F = (P_atm − P_vac) × A_seal

with P_atm ≈ 101.3 kPa, P_vac the absolute pressure inside the cup, and A_seal the effective sealed area. A “70 % vacuum” cup pulls P_vac ≈ 30 kPa absolute, giving ΔP ≈ 71 kPa.

3.3 Vision pipeline (canonical)

RGB-D capture → instance segmentation → 6-DoF pose estimation
              → grasp planner → motion plan (MoveIt 2 / cuMotion)
              → execute → in-hand verification → place

3.4 Open-vocabulary grasping

Language-conditioned pick (“pick up the red mug”) is enabled by combining:

SAM / SAM 2 (Meta 2024) for promptable segmentation.
CLIP (Radford 2021) for vision-language matching.
LLM planner (GPT-4o, Claude, RT-2) to parse the natural-language request into a grasp target.

3.5 Sim-to-real

Two foundational papers drive industrial sim-to-real for grasping:

Tobin 2017 IROS — domain randomization (textures, lighting, camera pose) to train detectors in simulation that transfer to real cameras with no real-data fine-tuning.
Mahler 2017 RSS Dex-Net 2.0 — synthetic depth images of 6.7 M grasps over 1500 3D models; GQ-CNN trained purely in simulation, deployed without real fine-tune at ≈ 90 % success on Adversarial Objects.

4. Worked examples

Example A — Suction-cup sizing for a 4 kg parcel

Given: parcel mass m = 4 kg, target vacuum 70 % (P_vac ≈ 30 kPa abs), bellows cup outer Ø 60 mm.

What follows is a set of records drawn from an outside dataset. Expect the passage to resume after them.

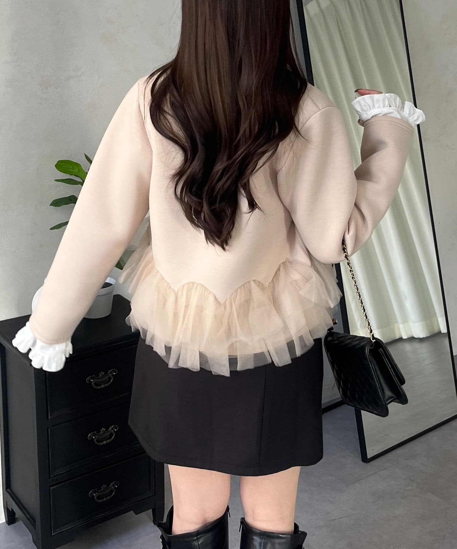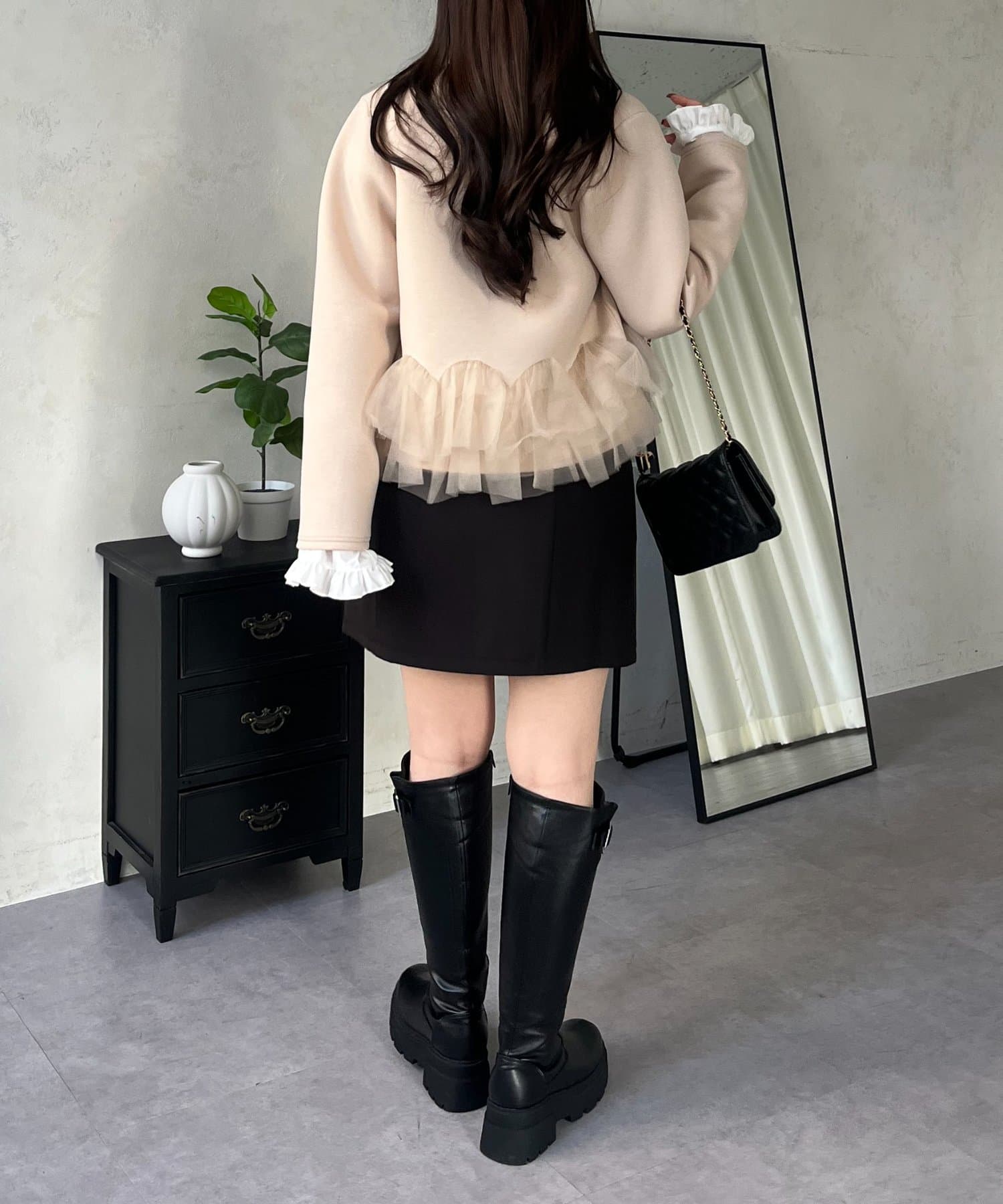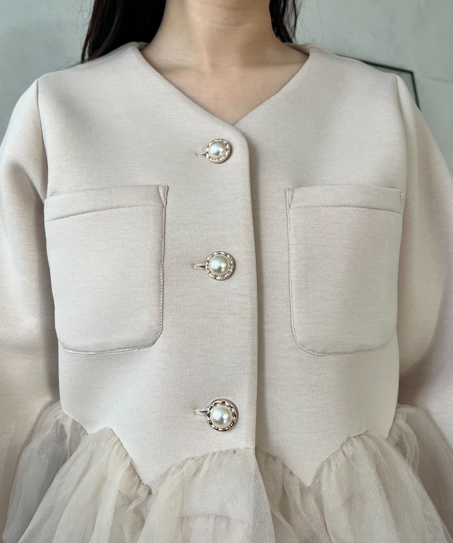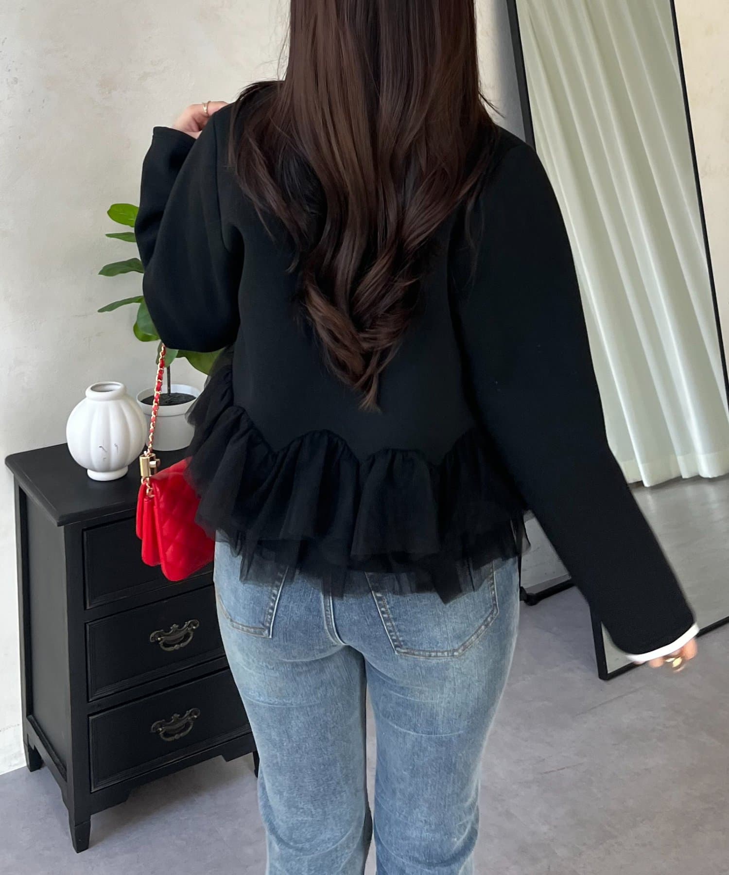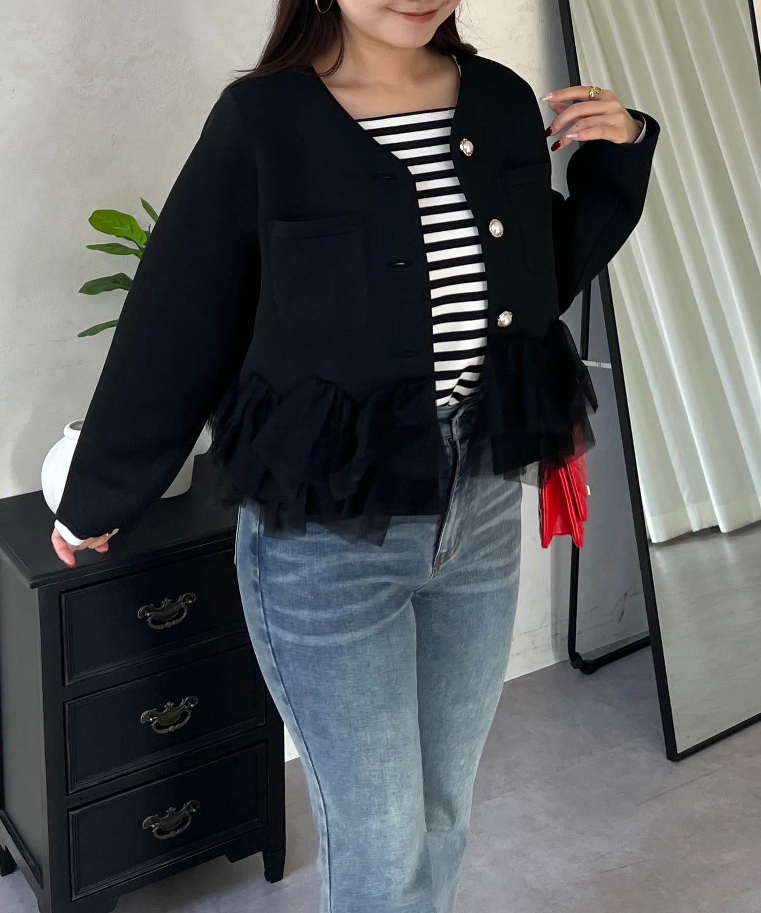 • prose verse(プロズヴェール) チュールフリルダンボールVネックジャケット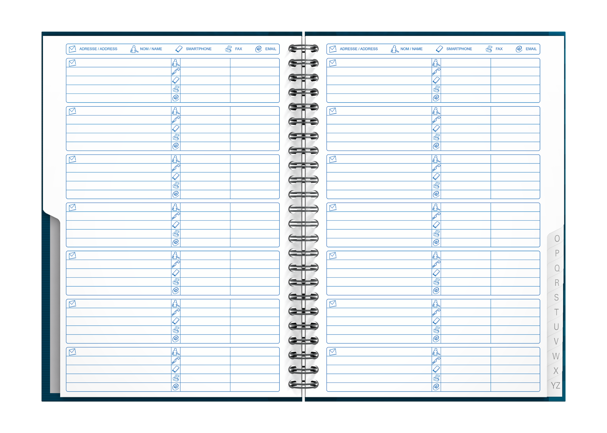 A til Z-adressebog i A5, særlig linjering med plads til navn og adresse, e-mail og telefonnummer, 144 sider. Takket være det ekstra hvide og glatte OPTIK PAPER® i 90 g/m2 kan du skrive på begge sider af arket, uden at blækket bløder igennem. Særligt sidedesign til notering af kontaktoplysninger, såsom navn og adresse, men også forskellige telefonnumre og e-mailadresse. Sort plastbelagt dobbeltspiral i ryggen gør det muligt at lægge notesbogen fladt mod underlaget eller åbne den helt op, hvilket sikrer maksimal komfort og fleksibilitet. Hårdt omslag for og bag, der giver lang levetid. Fås i mange forskellige farver. Arkene er i øjeblikket ikke kompatible med den gratis SCRIBZEE®-smartphoneapp. OXFORDs eksklusive Optik Paper® har både fået EU’s miljømærke (lav miljøbelastning fra de papirfabrikker, der producerer papiret) og PEFC™-certificering (bæredygtig skovforvaltning). Plastbelagte A til Z-sider med faneblade, der gør det nemt at opbevare og finde oplysninger.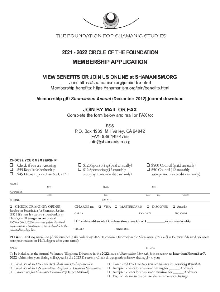 THE FOUNDATION FOR SHAMANIC STUDIES2021 2022 CIRCLE OF THE FOUNDATIONMEMBERSHIP APPLICATION VIEW BENEFITS OR JOIN US ONLINE at SHAMANISM.ORG Join: https://shamanism.org/join/index.html Membership
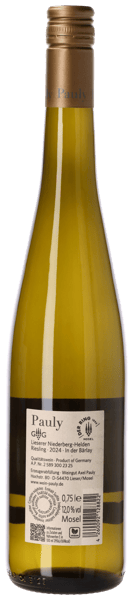 Niederberg-Helden GG „In der Bärlay“ 2024 är en exklusiv mikroproduktion framställd på 100 % Riesling som Axel Pauly handskördar från den särskilt branta och steniga Bärlay-parcellen på Grand Cru-topvinmarken Lieserer Niederberg-Helden (klassificerad som Grosses Gewächs). Denna upp till 70 % branta och sydvända sluttning har en jordmån av blå och grå skiffer. Vinet kallmacererar först i hela 30–40 timmar innan spontan jäsning på ståltank med vingårdens naturligt förekommande jäststammar. För att uppnå extra komplexitet och struktur i sin Riesling 'Grand Cru' inkluderar Axel Pauly 5 % druvskal i musten under jäsningen. Vinet jäser och mognar på ståltank för en ren och autentisk återgivning av druvsort och terroir.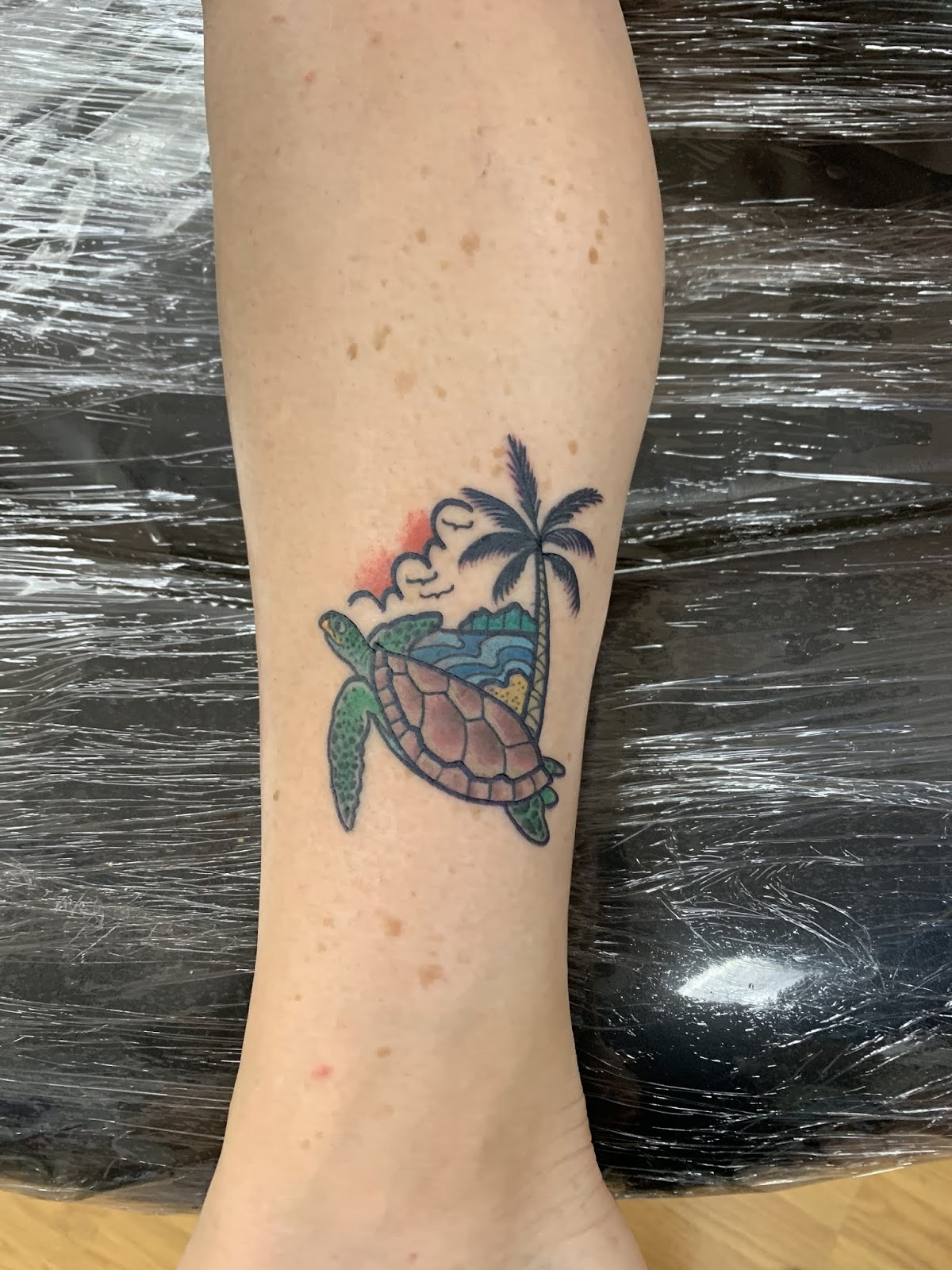 I like a bit of American Traditional in my Hawai’i beach Scene tattoo.

A_seal ≈ π × (0.030 m)² = 2.83 × 10⁻³ m² ΔP = 101.3 kPa − 30 kPa = 71.3 kPa = 7.13 × 10⁴ Pa F_lift = ΔP × A_seal = 7.13 × 10⁴ × 2.83 × 10⁻³ ≈ 202 N

Apply 2× safety factor → F_eff ≈ 100 N. Weight required: W = m·g = 4 × 9.81 = 39.2 N. F_eff ≫ W, so the cup is sized correctly with margin for acceleration during the lift trajectory (typical 0.3 g lateral).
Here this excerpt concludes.